JAUNDICED EYE
They are “special cases”, every one of them. Every week they shuffle through the parliamentary committees and into the media spotlight, each one in turn wheedling for more.
Every ministry, every state agency, every over-staffed and under-performing creation of a government whose strongest raison d’être is the creation of jobs for pals and sinecures for cadres. They’re all there, plucking at the taxpayer sleeve, demanding more dosh, failing which the sky will fall and the Republic will be ruined.
This week it was the turns of the public broadcaster (SABC) and the Council for Conciliation, Mediation and Arbitration (CCMA). Both are in dire straits. The fans of both insist that if they are not bailed out, the world as we know it will crumble.

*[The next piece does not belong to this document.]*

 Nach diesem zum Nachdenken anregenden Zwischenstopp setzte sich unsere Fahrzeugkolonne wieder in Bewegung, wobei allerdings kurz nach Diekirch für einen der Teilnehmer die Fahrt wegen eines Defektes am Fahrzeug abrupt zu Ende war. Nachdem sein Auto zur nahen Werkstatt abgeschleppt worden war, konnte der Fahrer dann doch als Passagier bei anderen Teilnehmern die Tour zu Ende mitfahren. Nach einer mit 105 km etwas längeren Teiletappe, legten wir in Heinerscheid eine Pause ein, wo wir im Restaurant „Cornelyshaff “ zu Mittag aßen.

The SABC has been limping from bailout to bailout for half a dozen years. In 2018/19, it had a deficit of R444m and got a R3.2bn bailout. This past financial year it lost R511m and is on track to a R1.2bn loss in 2021.
Almost 50% of the SABC’s revenue is spent on its 3,000 employees, who are paid (I hesitate to use the word earn) R3bn a year. That staggering wage bill — a million bucks a year per person — is around four times what the equivalent private sector worker earns annually. It’s also more than two-and-a-half times the R393,000 average annual public service salary.